BJP Spokesperson S. Prakash, in an interview with IANS says, "See hijab issue was in high court which upheld the uniform policy of the state government then. Then subsequently muslim organization went to supreme court challenging the judgment. The issue is pending before them. Even before it is resolved, just to placate the muslims aftermath of Davangere by-poll election, this decision has been taken in haste. This will clearly debate student fraternrity across the state on religious lines."
Why It Matters for Karnataka?
Karnataka was the epicentre of the hijab controversy in 2022. What began in Udupi colleges later spread across the state, leading to protests, counter-protests, court cases and nationwide political debate. The Karnataka High Court upheld the restrictions in March 2022, ruling that hijab was not an essential religious practice in the context of school uniforms. The matter later reached the Supreme Court, where a split verdict kept the issue alive at the national level.
For Karnataka, the latest order matters for five reasons:
1. It Attempts to Reduce Gate-Level Conflict
In 2022, many visuals showed students being stopped outside institutions. The new order tries to avoid such confrontations by giving administrators clearer instructions.
2. It Brings All Communities Under One Rule
The order does not mention hijab alone.
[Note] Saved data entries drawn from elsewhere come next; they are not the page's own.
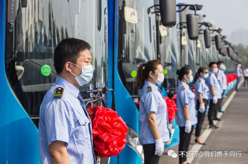 8月11日上午,唐山市新能源公交車上線運(yùn)營(yíng)啟動(dòng)儀式在唐山站公交樞紐舉行,市委常委、常務(wù)副市長(zhǎng)付振波,市政府副秘書長(zhǎng)、“一港雙城”辦主任任艾泉,市人大城環(huán)委主任王玉升,市城管執(zhí)法局黨組書記、局長(zhǎng)冀桂梅,市政協(xié)提案委辦公室主任劉貴臣,市交通運(yùn)輸局副局長(zhǎng)李東興,市城管執(zhí)法局四級(jí)調(diào)研員石中波,總公司總經(jīng)理劉東占、黨委書記夏保良出席啟動(dòng)儀式。在啟動(dòng)儀式上,市城管執(zhí)法局黨組書記、局長(zhǎng)冀桂梅同志致詞,總結(jié)概括近年來(lái)唐山公交事業(yè)發(fā)展取得成績(jī),全面介紹了純電動(dòng)公交車更新?lián)Q代情況,市委常委、常務(wù)副市長(zhǎng)付振波同志宣布2020年唐山市新能源公交車正式啟用上線運(yùn)營(yíng)。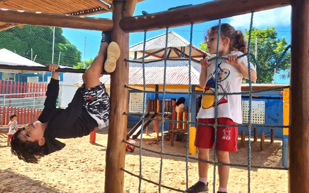 A educadora, que também teve formação em Educação Física, explica como os exercícios físicos são incorporados ao currículo escolar. “Realizamos atividades que vão além do convencional papel e lápis, incluindo o contato com a água, a areia e o barro. Nossas salas de aula são projetadas para permitir movimento, alternando atividade física e brincadeiras. Isso cria um ambiente dinâmico e interativo em que a educação promove bem estar e se concretiza de forma lúdica,” conclui Priscila Griner.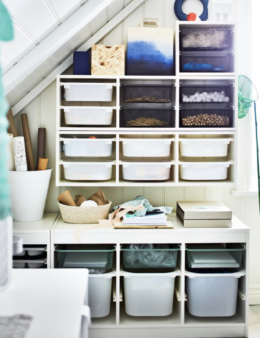 さらに、ボックスや収納ケースを色分けすると、視覚的に分かりやすくなり、片付ける場所を覚えやすくなります。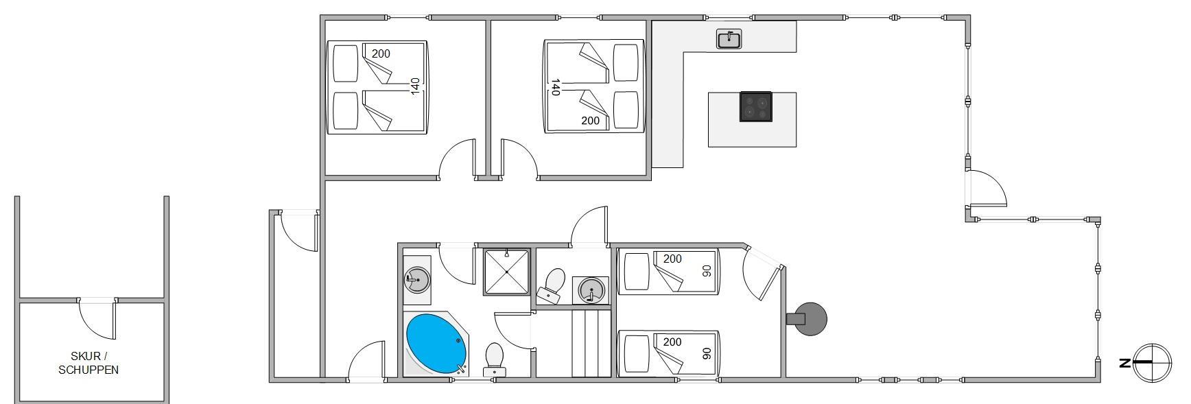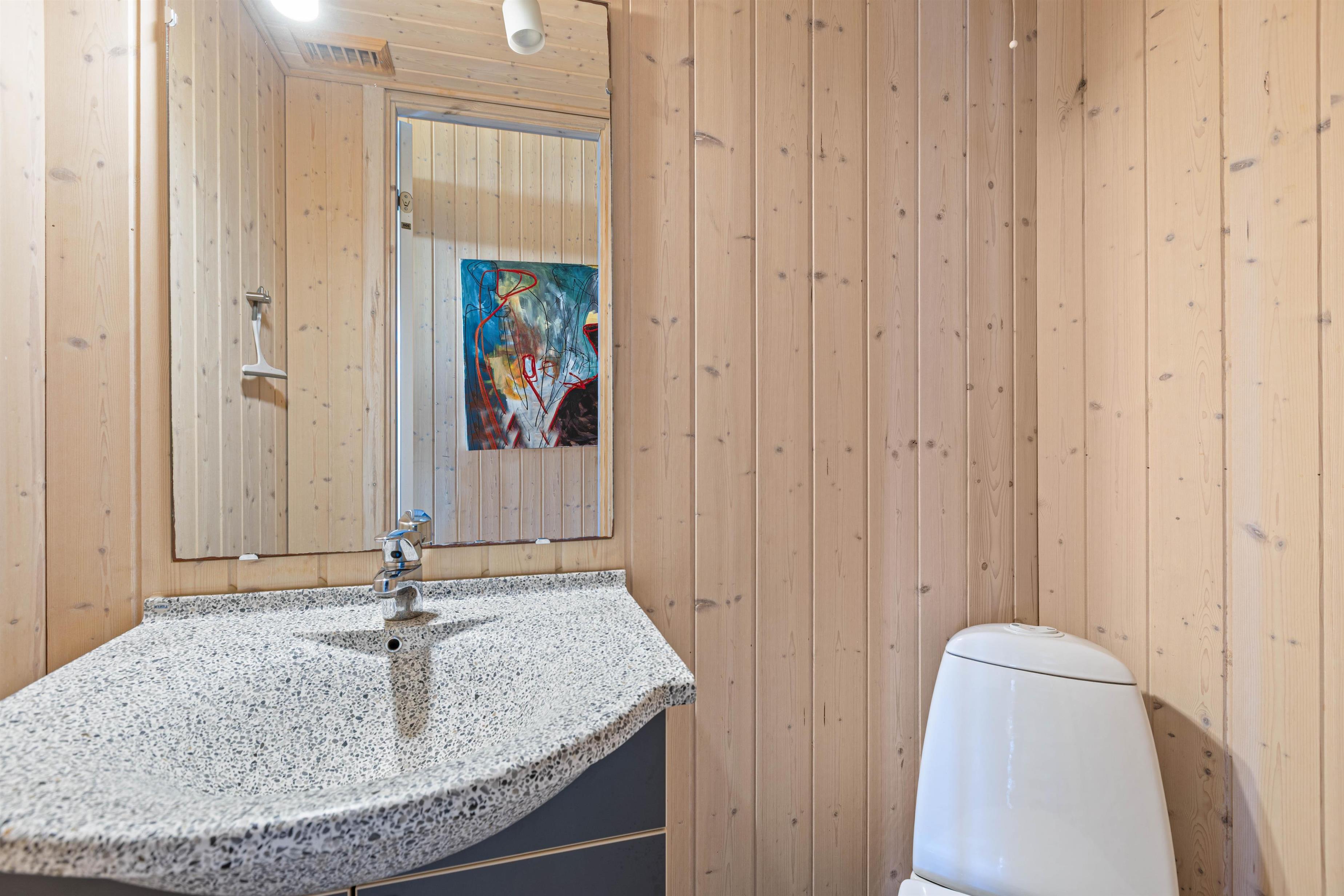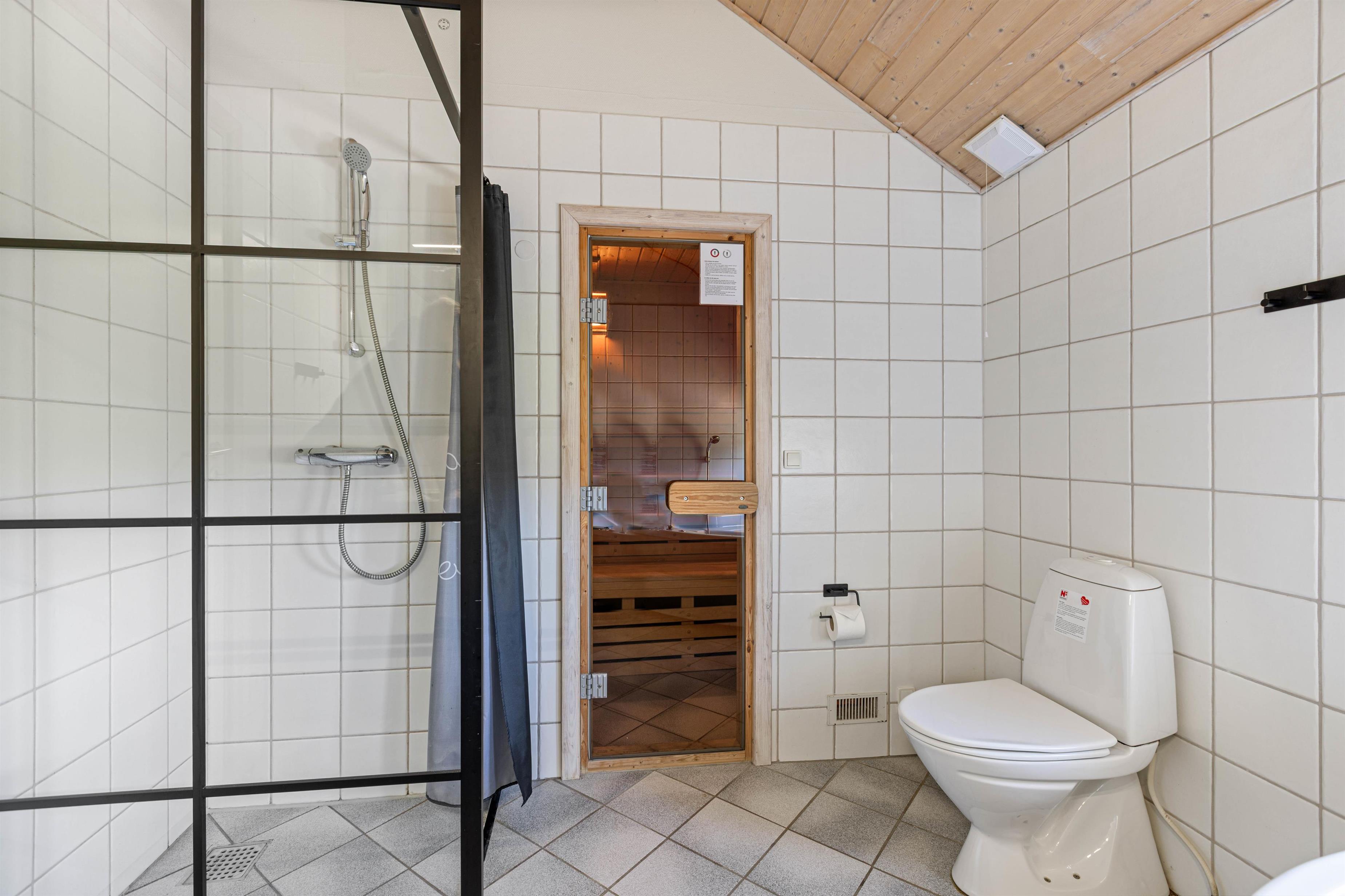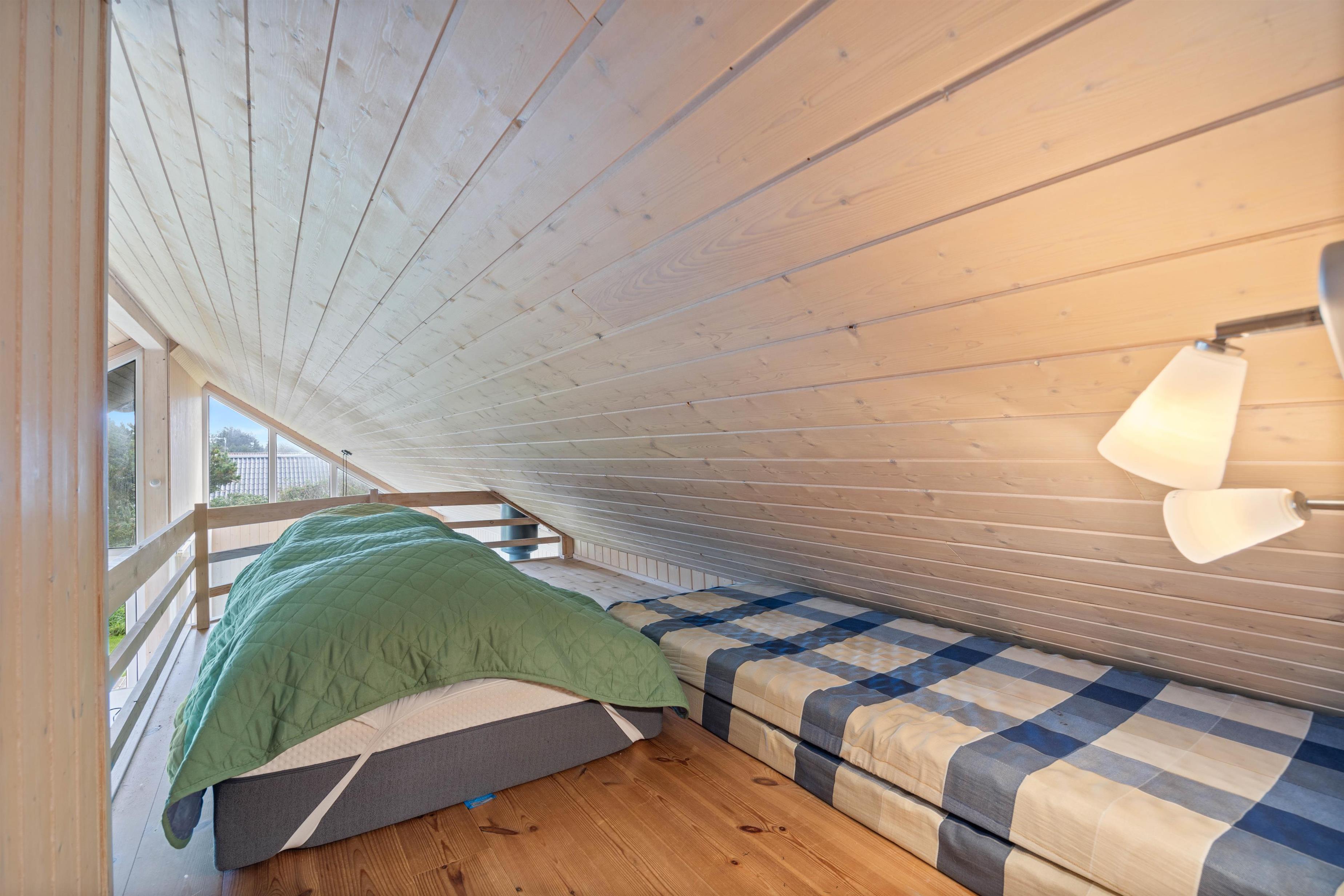 De 3 soveværelser indeholder 2 komfortable dobbeltsenge med en bredde på 140 cm og 2 enkeltsenge på 90 cm. Placeringen af gæstetoilettet og det store badeværelse med spa og adgang til sauna betyder, at man roligt kan tage en wellness-session uden at forstyrre resten af selskabet. Der er vaskemaskine, tørretumbler og en energibesparende varmepumpe til rådighed for jer under jeres ophold. Solcellerne bidrager til at holde forbruget nede.

It also includes janivara, rudraksha, turbans and other customary symbols. This helps the government frame the decision as a broader inclusivity policy, not a community-specific exemption.
3. It Keeps Uniforms Intact
The government has not allowed students to ignore uniforms. That is important because schools still retain their institutional identity and discipline.
4. It Reopens a Sensitive Political Debate
The hijab row was one of Karnataka’s biggest flashpoints before the 2023 Assembly election. Its return to headlines will likely influence political messaging in the state.
5. It Could Influence Other States
Karnataka’s decision may become a reference point in other states where schools face similar questions around uniforms, religious symbols and student rights.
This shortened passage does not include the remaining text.